Rodney Allen Arrants (September 5, 1944 – February 21, 2021) was an American actor.

==Early life and career==
Arrants was born in Los Angeles, California, on September 5, 1944. He acted on the daytime programs The Young and the Restless, Another World, Days of Our Lives and Search for Tomorrow, on which he played wealthy Travis Sentell.

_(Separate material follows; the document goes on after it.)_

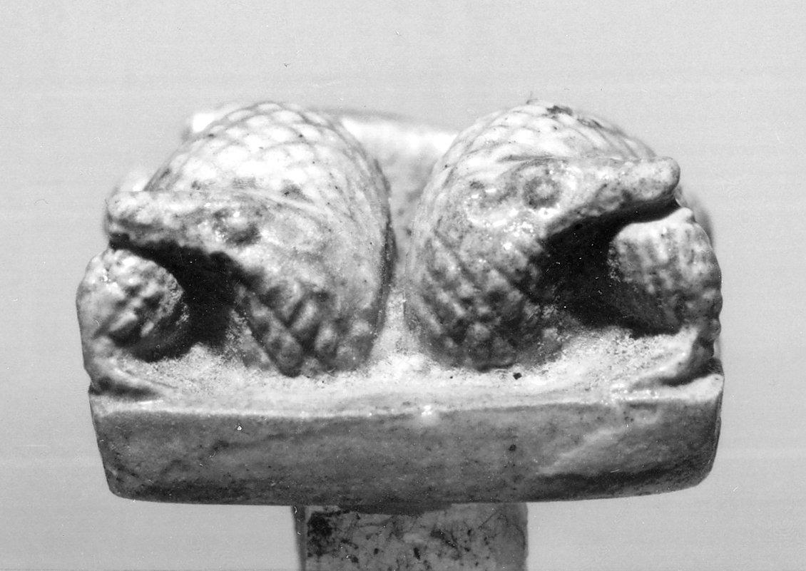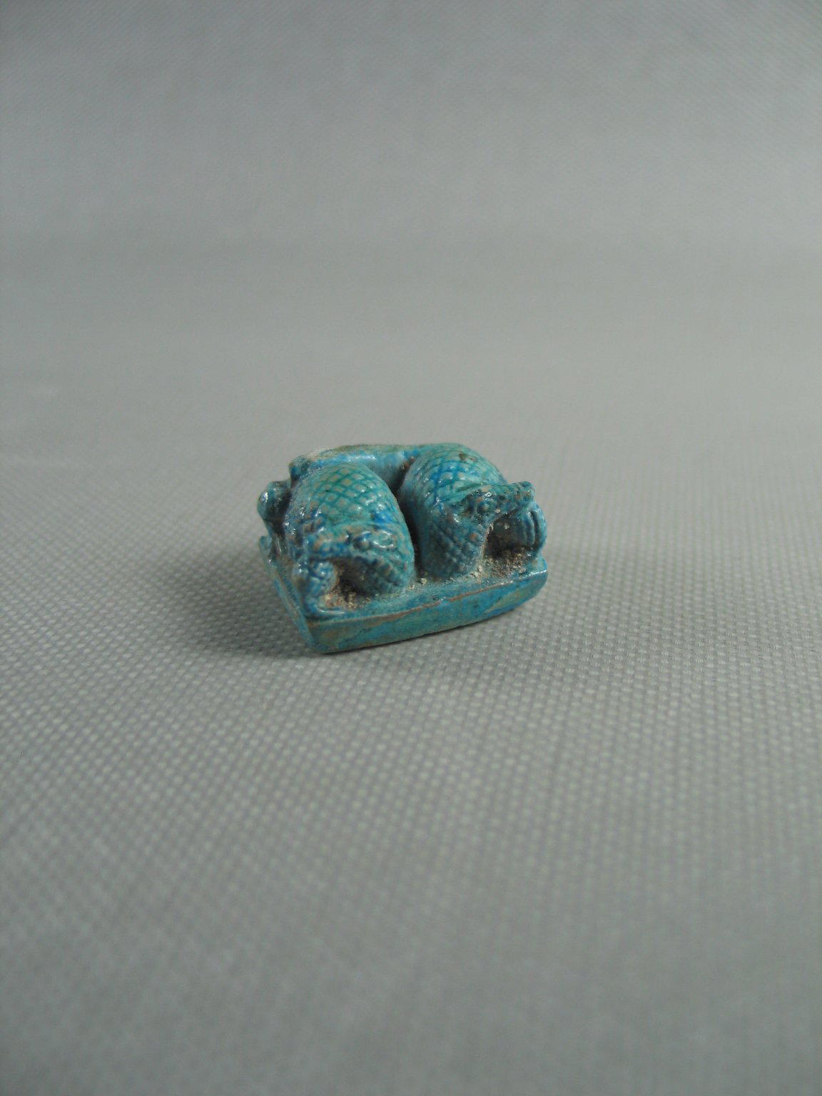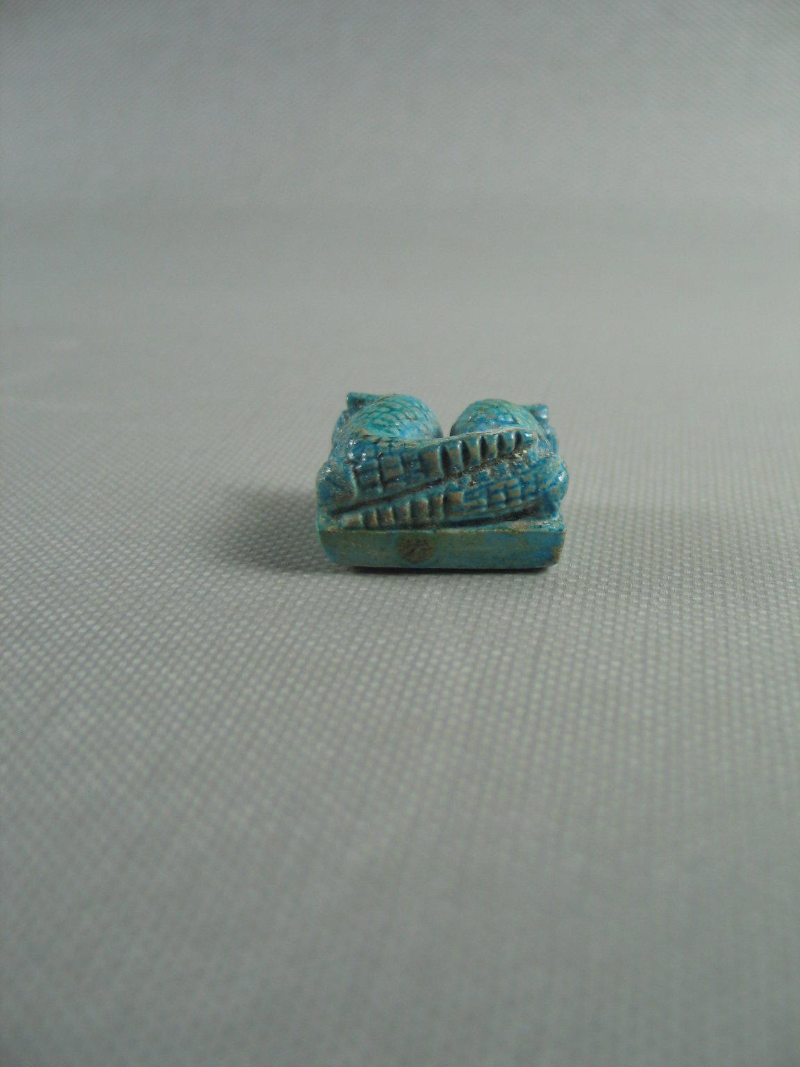 Double Crocodile Amulet, 664–343 B.C.E.. Faience, 9/16 x 11/16 x 7/8 in. (1.4 x 1.7 x 2.3 cm). Brooklyn Museum, Gift of Peter Sharrer, 76.37. (Photo: Brooklyn Museum)

Arrants appeared on the cover of the August 11, 1979, issue of TV Guide.

==Personal life==
Arrants attended the University of the Pacific and graduated in 1967. Arrants was married to Beverle Bava from 1965 until they divorced in 1976, and to Patricia Estrin from 1979 until 1992, when they divorced. Arrants and Estrin met while playing brother and sister Austin and Megan Cushing on Lovers and Friends.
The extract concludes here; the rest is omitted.